Case ID: ad3d_55/html/0510-01.html
Source: Caselaw Access Project
Author: {"author": "", "license": "Public Domain", "url": "https://static.case.law/"}
Date Created: 2024-08-24T03:29:51.129683

Chelsea Crucen, an Infant, by Erenia Vargas, Her Parent and Natural Guardian, Appellant, v Linda Leary, M.D., et al., Respondents.
    [867 NYS2d 49]—
   Order, Supreme Court, Bronx County (Betty Owen Stinson, J.), entered April 17, 2007, which granted defendants’ motions and cross motions to dismiss the complaint, and denied plaintiffs’ cross motion to amend the complaint or dismiss without prejudice, unanimously affirmed, without costs.

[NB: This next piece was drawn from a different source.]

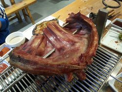 欢乐牧人蒙古炭烤羊排是连锁的餐厅,店里装修的基本都是一样的。这里的烤羊腿,烤羊排是特色,肉都是从蒙古那边空运过来的,品质很好。羊排肉很厚,烤着香气四溢,吃的时候可以先片最外面的一层,焦香可口,一层一层的烤吃着也很方便,最后还可以把羊排剁开直接啃着吃,很过瘾。查看更多

Plaintiffs sued for medical malpractice arising from vaccinations the infant plaintiff received at defendant hospitals in 2000 and 2001. The individual defendants are alleged, among other things, to have administered the vaccines, failed to treat properly the conditions arising subsequent to the vaccinations, or failed to obtain informed consent.

Defendants moved to dismiss the complaint based on the National Childhood Vaccine Injury Act of 1986 (NCVIA) (42 USC § 300aa-l et seq., as added by Pub L 99-660 tit III), which provides a no-fault compensation program for “vaccine-related injury or death” (42 USC § 300aa-15 [a]). Under NCVIA no person may institute a civil action in state or federal court for damages in excess of $1,000 against a “vaccine administrator or manufacturer” arising from a “vaccine-related injury or death associated with the administration of a vaccine,” and no court may award damages in excess of $1,000 unless a petition has been filed for compensation under the National Vaccine Injury Compensation Program (see 42 USC § 300aa-ll [a] [2] [A]). If such a civil action is filed in state or federal court, the court must dismiss the action (see § 300aa-ll [a] [2] [B]).

Plaintiffs admit they did not file a petition for compensation under NCVIA. Given the clear mandate of the statute, the court had no choice but to dismiss the complaint. Plaintiffs’ bill of particulars alleged that each defendant either directly administered covered vaccines or treated plaintiff for injuries that arose shortly thereafter and are attributed to the vaccinations. Therefore, they are “vaccine administrators” under NCVIA.

All of the injuries set forth in plaintiffs’ bill of particulars are related to the vaccines or arose allegedly as a result of the failure to properly treat conditions created by the vaccinations. The alleged failure to properly diagnose and treat conditions allegedly caused by vaccinations is clearly “vaccine-related” (see Aull v Secretary of Health & Human Servs., 462 F3d 1338, 1343 [Fed Cir 2006]). Given the mandate of the statute, dismissal was appropriate.

Plaintiffs contend that defendants should be estopped from raising NCVIA as a defense because they were derelict in their duty to inform plaintiffs of the Program, as required by 42 USC § 300aa-26 (d). However, estoppel cannot operate to create a right where none exists (Matter of Owens v McGuire, 121 AD2d 292, 295 [1986]), nor can it relieve one from the mandatory operation of a statute (Matter of Hauben v Goldin, 74 AD2d 804, 805 [1980]). Since the infant’s alleged injury was vaccine-related, plaintiffs’ claim of lack of informed consent had to be raised first by petition to the United States Court of Federal Claims (42 USC § 300aa-12 [a]).

Leave to amend was properly denied because repleading would be futile (see Rappaport v VV Publ. Corp., 223 AD2d 515, 516 [1996]). Concur—Tom, J.P., Nardelli, Sweeny, McGuire and DeGrasse, JJ.